◆ Data
● ● ● ●

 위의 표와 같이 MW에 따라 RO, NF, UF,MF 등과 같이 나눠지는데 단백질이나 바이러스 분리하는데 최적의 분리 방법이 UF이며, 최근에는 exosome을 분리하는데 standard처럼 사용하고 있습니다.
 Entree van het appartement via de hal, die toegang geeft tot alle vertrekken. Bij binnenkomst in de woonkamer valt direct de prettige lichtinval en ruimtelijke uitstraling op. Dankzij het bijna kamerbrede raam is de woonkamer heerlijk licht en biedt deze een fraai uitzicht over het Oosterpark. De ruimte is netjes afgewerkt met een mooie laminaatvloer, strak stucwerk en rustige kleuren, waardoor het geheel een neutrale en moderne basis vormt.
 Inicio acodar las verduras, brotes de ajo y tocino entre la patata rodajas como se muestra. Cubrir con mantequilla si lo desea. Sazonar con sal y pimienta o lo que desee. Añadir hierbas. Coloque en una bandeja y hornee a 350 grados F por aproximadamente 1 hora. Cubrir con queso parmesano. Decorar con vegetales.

● ● ● ●

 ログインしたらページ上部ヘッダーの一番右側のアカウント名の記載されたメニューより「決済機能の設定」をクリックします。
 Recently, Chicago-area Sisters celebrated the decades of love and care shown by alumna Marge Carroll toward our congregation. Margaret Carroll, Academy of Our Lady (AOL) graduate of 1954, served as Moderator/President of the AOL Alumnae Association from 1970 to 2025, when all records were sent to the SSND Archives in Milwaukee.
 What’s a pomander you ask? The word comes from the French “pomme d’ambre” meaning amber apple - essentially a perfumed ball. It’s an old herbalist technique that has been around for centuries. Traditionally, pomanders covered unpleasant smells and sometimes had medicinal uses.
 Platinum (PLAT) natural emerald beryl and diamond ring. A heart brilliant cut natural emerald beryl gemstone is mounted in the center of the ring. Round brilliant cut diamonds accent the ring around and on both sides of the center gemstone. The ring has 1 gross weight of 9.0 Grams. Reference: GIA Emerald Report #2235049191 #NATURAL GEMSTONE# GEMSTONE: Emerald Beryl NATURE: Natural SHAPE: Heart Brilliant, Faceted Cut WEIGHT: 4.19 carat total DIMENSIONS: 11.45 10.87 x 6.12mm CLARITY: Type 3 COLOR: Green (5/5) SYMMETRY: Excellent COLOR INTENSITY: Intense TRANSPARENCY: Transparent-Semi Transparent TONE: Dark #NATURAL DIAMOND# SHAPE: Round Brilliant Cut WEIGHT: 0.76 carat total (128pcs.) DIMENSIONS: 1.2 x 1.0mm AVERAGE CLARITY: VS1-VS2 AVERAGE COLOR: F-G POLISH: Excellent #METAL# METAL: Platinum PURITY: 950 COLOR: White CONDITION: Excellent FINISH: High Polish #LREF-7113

● ● ● ●

◆ How to complete this task
List all lines in the material containing the string "from".

◆ Response below
 Recently, Chicago-area Sisters celebrated the decades of love and care shown by alumna Marge Carroll toward our congregation. Margaret Carroll, Academy of Our Lady (AOL) graduate of 1954, served as Moderator/President of the AOL Alumnae Association from 1970 to 2025, when all records were sent to the SSND Archives in Milwaukee.
 What’s a pomander you ask? The word comes from the French “pomme d’ambre” meaning amber apple - essentially a perfumed ball. It’s an old herbalist technique that has been around for centuries. Traditionally, pomanders covered unpleasant smells and sometimes had medicinal uses.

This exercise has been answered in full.